为了实现HSDI柴油机清洁燃烧,使缸内NOx源排放量达到欧V标准,同时尽可能地降低碳烟的排放量,本文通过仿真与试验相结合的方法,探索了HSDI柴油机通过增压后缸内引入大量冷却EGR实现稀释低温清洁燃烧相关技术路线和优化方法,包括增压技术和EGR控制技术。重点分析了EGR率和喷油规律等参数对缸内喷雾燃烧过程的机理和品质特性。论文研究的主要内容及创新性有以下几方面:
1)分析HSDI柴油机原机(采用单级VGT增压方式)的源排放特性,然后利用整车动力学仿真平台(GT-drive)将原机搭载于某轿车上进行NEDC和FTP75道路循环仿真分析,了解该发动机在这两个典型道路循环行驶工况下的工作区域以及对应工作区域的排放特性。分析结果得知HSDI柴油机应重点改善中低转速中低负荷的排放特性,同时为后期研究稀释低温清洁燃烧发动机工况点的选取提供重要依据。
2)通过反求方法建立了EGR率对增压压力的变化关系式和HSDI柴油机性能仿真模型,得到了多工况点最优VGT开度以及相应的EGR率。研究结果表明,对单级增压而言,增压压力随EGR率增加而增大,当EGR率增加到50%时,增压压力应达0.4MPa以上;对于两级增压而言,两级增压器分担的增压比相等,将造成大部分工作点处于压气机的低效区,不利于提高发动机的燃油经济性;增压压力压比分配应一级大一级小,有利于提高增压系统的效率和整机的燃油经济性。
3)针对内燃机各缸新鲜空气进入量和EGR量不均匀性带来的各种问题,建立了发动机稳态和瞬态进气过程1D&3D耦合仿真平台。利用该平台,研究分析了发动机稳定工况和多种变工况下新鲜空气和EGR的各缸均匀性,包括变工况过程中不同气缸同类气道的进气流量均匀性,以及各缸进气量大小的变化规律。此外,还研究了变工况过程中喷油量变化结束后,进气总量、新鲜空气、EGR、空燃比和BMEP的变化规律,以及趋于稳定的响应时间和响应特性。提出了一种EGR和新鲜空气各缸平衡快速响应的控制方法,该方法获得一项国家发明专利。通过建立该分析手段可以更好地分析和优化各缸的进气均匀性和响应特性,为了解发动机瞬态行为提供了重要的监测和分析手段,也为保证每一缸每一循环实现高效清洁燃烧提供重要的技术保障。
4)建立了稀释低温清洁燃烧仿真研究Kiva-3V平台,包括复杂几何结构拓扑方法,六面体结构网格生成技术。基于Kiva-3V仿真优化平台研究了常规燃烧方式(EGR率为0时)燃油喷射系统对喷雾和燃烧过程的影响,确定了喷嘴的最优几何参数。研究结果表明,过多的喷孔数不利于喷雾和燃烧的改善;油束夹角较小,NOx和碳烟排放升高;喷嘴凸出高度应与燃烧室深度及喷射夹角匹配合理。为了便于数据的快速处理和分析,评价分析发动机各项性能参数,课题开展过程中开发了一套“发动机性能评价数据库及数据自动化处理软件”,并获得了软件著作权。

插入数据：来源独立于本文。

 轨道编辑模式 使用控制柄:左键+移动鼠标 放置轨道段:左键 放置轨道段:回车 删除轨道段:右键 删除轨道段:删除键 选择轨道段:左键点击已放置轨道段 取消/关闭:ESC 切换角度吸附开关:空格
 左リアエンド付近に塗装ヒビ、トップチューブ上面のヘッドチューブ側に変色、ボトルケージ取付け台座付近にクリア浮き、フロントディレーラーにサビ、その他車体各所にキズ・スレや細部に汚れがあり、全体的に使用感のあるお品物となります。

5)针对HSDI柴油机中等转速中等负荷工况点(RPM=2500r/min BMEP=0.9MPa),利用仿真分析手段和实验验证相结合的方法研究了喷油规律、EGR率、过量空气系数、喷油定时、进气温度和涡流比等参数对高EGR率下喷雾燃烧过程的影响,并揭示NOx、碳烟和CO生成的环境和机理,分析各参数的变化对滞燃期、放热率峰值和排放污染物的变化趋势。通过多参数的耦合优化,得到改善燃烧过程,降低有害排放的参数技术路线,为后期标定该发动机实现欧V排放标准起到指导作用。

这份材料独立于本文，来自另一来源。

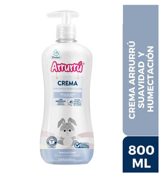 Crema Arrurru suavidad y humectación Nutre y protege la delicada piel del bebé, hidratándola hasta por 24 horas. Con textura ligera y de rápida absorción. Modo de uso Aplica una pequeña cantidad de la crema en la mano y desliza en todo el cuerpo de tu bebé con un suave y estimulante masaje después del baño.
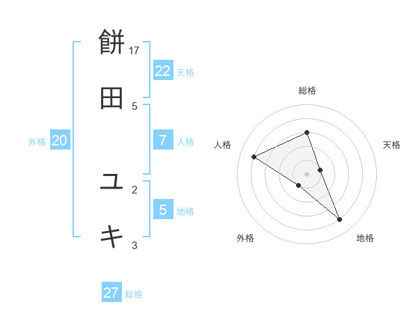 餅田 ユキさんの総格は27画の3点!
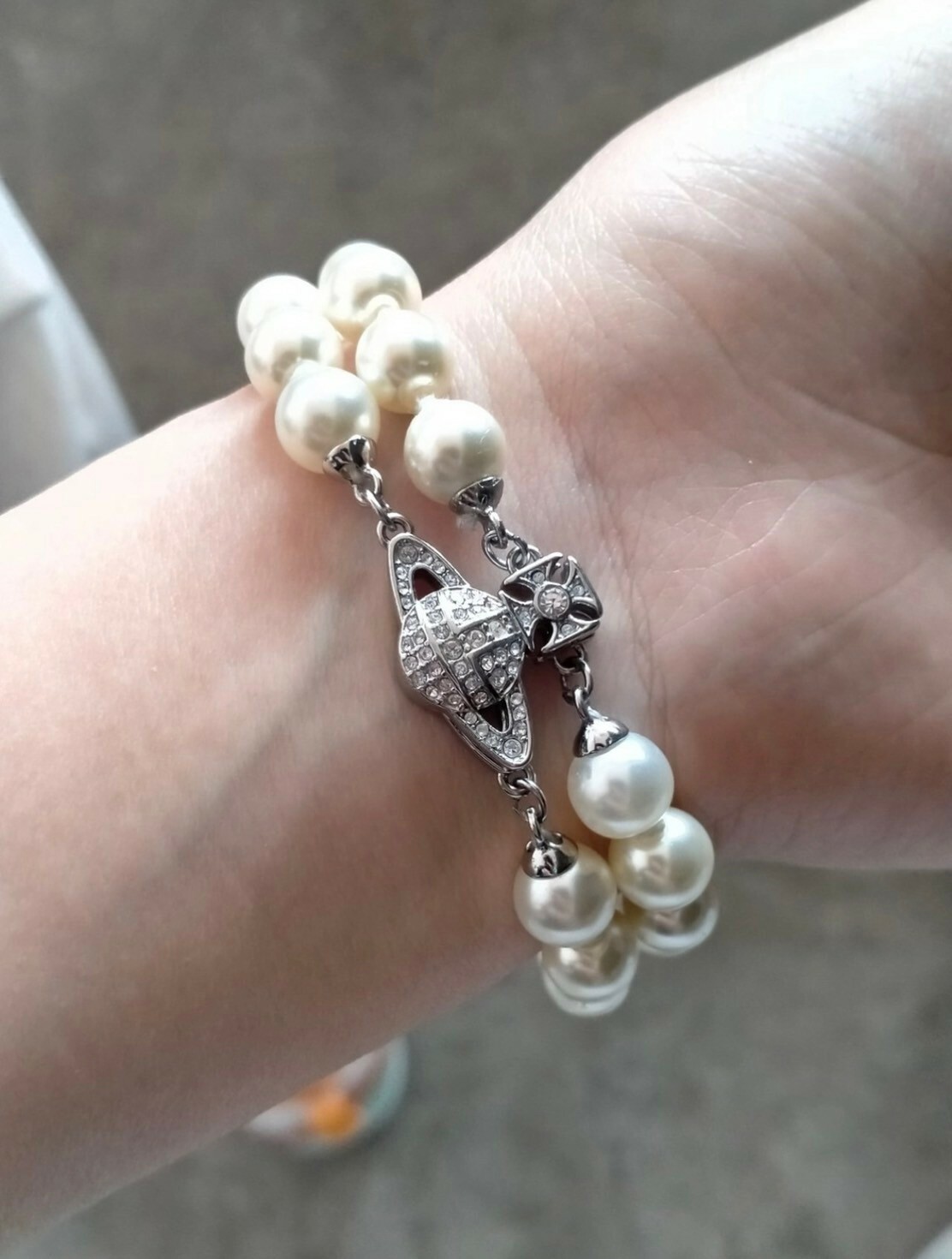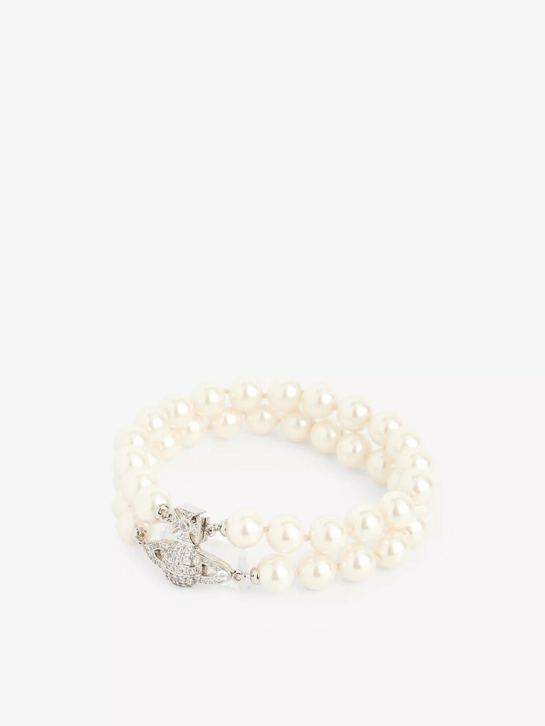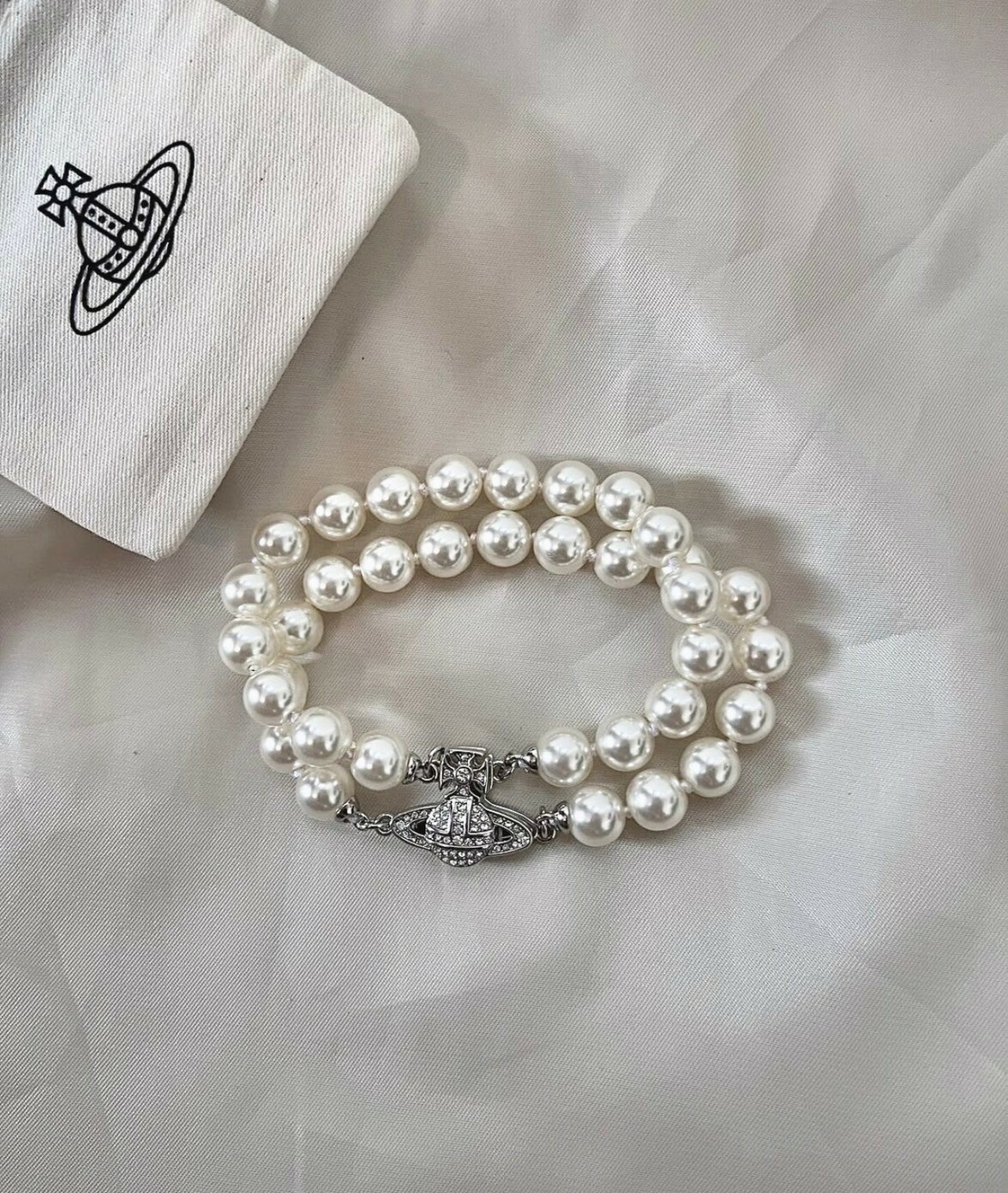 Vivienne Westwood Double Pearl Classic Saturn Logo Diamond Bracelet Queen Mother West

最后,通过实验验证了Kiva-3V仿真平台的可靠性,认为该仿真平台能很好的预测缸内喷雾燃烧过程以及排放污染物的生成量。该仿真研究平台不仅可作为发动机燃烧系统的有利开发工具,还可为制定EGR率和增压压力控制策略提供重要的分析手段,获得更多重要信息,为开发清洁低温燃烧系统提出优化方法和提出技术路线。

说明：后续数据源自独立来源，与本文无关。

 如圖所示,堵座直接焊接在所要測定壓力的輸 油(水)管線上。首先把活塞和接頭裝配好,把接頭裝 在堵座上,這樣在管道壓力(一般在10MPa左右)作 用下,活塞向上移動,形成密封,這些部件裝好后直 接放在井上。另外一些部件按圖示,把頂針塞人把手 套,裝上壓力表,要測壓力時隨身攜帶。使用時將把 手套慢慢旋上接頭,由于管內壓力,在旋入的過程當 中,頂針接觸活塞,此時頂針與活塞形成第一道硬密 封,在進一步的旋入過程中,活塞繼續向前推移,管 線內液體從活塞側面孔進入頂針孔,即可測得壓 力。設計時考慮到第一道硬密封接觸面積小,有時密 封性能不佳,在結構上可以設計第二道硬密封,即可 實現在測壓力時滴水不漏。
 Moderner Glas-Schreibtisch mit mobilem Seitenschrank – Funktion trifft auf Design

Modern high speed direct injection (HSDI) diesel engine for passenger car is one of the most effective technologies for energy saving and emission reduction. HSDI diesel engine combines the remarkable performances of both traditional diesel engine and gasoline engine, such as low fuel consumption, high torque at low speed, low noise and high power per liter, etc. As the issues of energy-saving and emission reducing have been becoming more prominent today, in China, most auto companies aim to develop HSDI diesel engine to cope with these problems. However, combustion path of traditional diesel engine passes through the regions which are easy to generate soot and NOx in T-φ plot, and it causes higher sources emission of soot and NOx in cylinder and can't meet the requirements of Euro IV and Euro V emission standard unless adopt complex post-processing system. Therefore, seeking for feasible clean efficient combustion system, lightening post-processing system's burden and reducing post-processing system cost become the most urgent tasks for diesel automobile industry development in the world.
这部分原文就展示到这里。